Investment advisory fees have declined for the first time since 2015, according to research from Fitz Partners.
While historically, investment advisory fees have been rising while management fees have been declining, in the latest edition of its ‘Investment Advisory Fee Benchmarking' report, Fitz found investment advisory fees have reversed the trend by declining 5% in the past 12 months.
Investment advisory fees are classed as those that are paid to entities providing advisory services to the fund. They cover asset allocation and stock selection and are usually paid out of the funds' management fees.

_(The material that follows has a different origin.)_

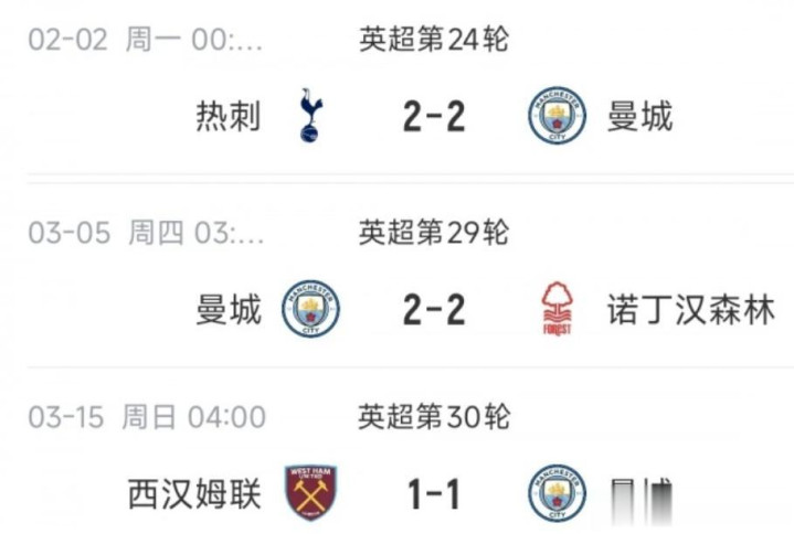 英超第30轮,曼城在客场与西汉姆联1-1握手言和,争冠道路上再遭重创。更耐人寻味的是,曼城最近三次意外丢分,恰好都是在对阵保级球队时上演的“爱心援助”——2-2战平热刺(第16名)、2-2战平诺丁汉森林(第17名),如今又1-1战平西汉姆联(第18名)。三场比赛,三个保级对手,各得一分,堪称“精准济贫”。

Overall, average investment advisory fees have fallen by 5% from 41bps to 39bps in the last 12 months but still show an 11% increase from 2015 levels, when they were 35bps. In contrast, since 2015 'gross' management fees (including distribution fees) have come down by 18%.

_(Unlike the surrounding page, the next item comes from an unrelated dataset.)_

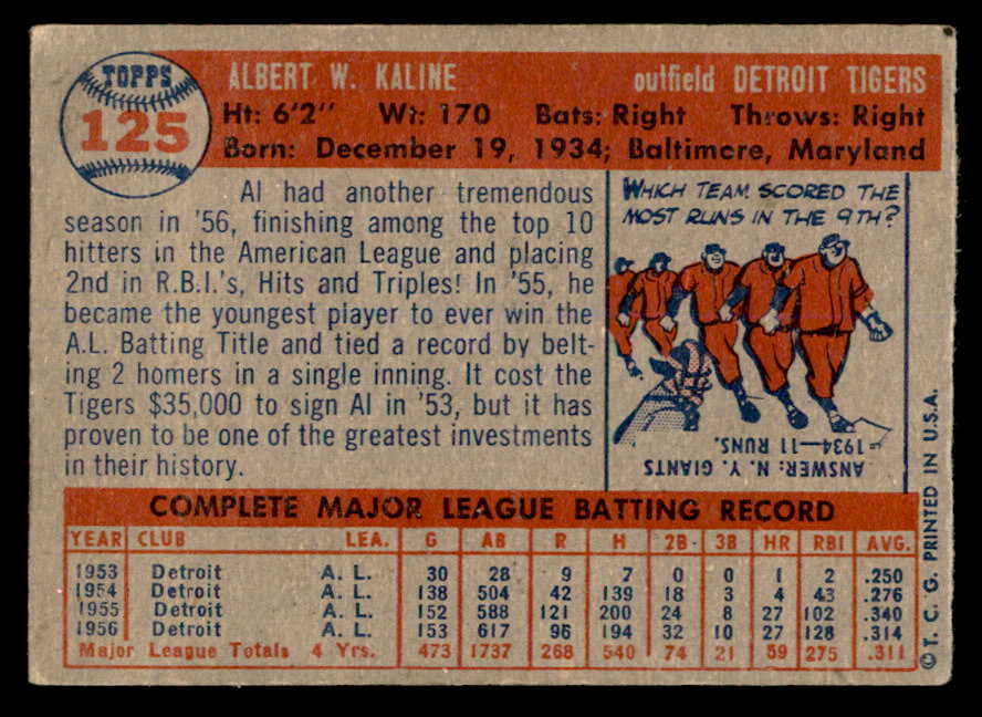 1957 Topps Baseball #125 Al Kaline Tigers EX 539338

Fitz said the timing difference between the decline of management fees and investment advisory fees was the result of a "lack of elasticity" in fund pricing.

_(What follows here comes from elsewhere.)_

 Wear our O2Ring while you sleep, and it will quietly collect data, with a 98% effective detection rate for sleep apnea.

Fitz Partners chief executive Hugues Gilibert said: "We would have expected the reduction of the investment advisory fee component to happen earlier and be more in sync with the overall downward trend seen in management fee levels.
"The timing difference could reflect a certain lack of elasticity when it comes to the pricing of funds' investment advisory function, be it from internal teams on which their remuneration depends, pressure from internal transfer pricing rules or the strong bargaining power of sub-advisors."
He added it was good news firms were more regularly carrying out fund reviews, which would be beneficial to both the firm and clients.
"From discussions with clients, we know that fund houses are becoming more focused on these internal fees and that in-depth fee reviews are carried out more regularly.
"Fund fees benchmarking is not only a review of the level of funds costs to investors, it is also part of good business practice and stronger governance supporting asset managers' margin preservation efforts.
The share of management costs paid for by investment advisory fees have increased by 10% over the past four years. This means the remaining revenue or margin received by fund houses from management fees after any investment advisory and distribution fees has reduced.
"A substantial part of a fund management fee consists of the cost of investment advisory or portfolio management and the level of this specific cost impacts their revenues substantially.
"There is a real need for asset managers to be able to review all parts of their expenses and look even more closely to the structure of their own management fees," Gillibert commented.
Fitz Partners' research is based on asset managers' confidential fee schedules and aims to show the true cost of investment advisory fees paid to entities providing advisory services to the fund. These are usually paid out of the funds' management fees.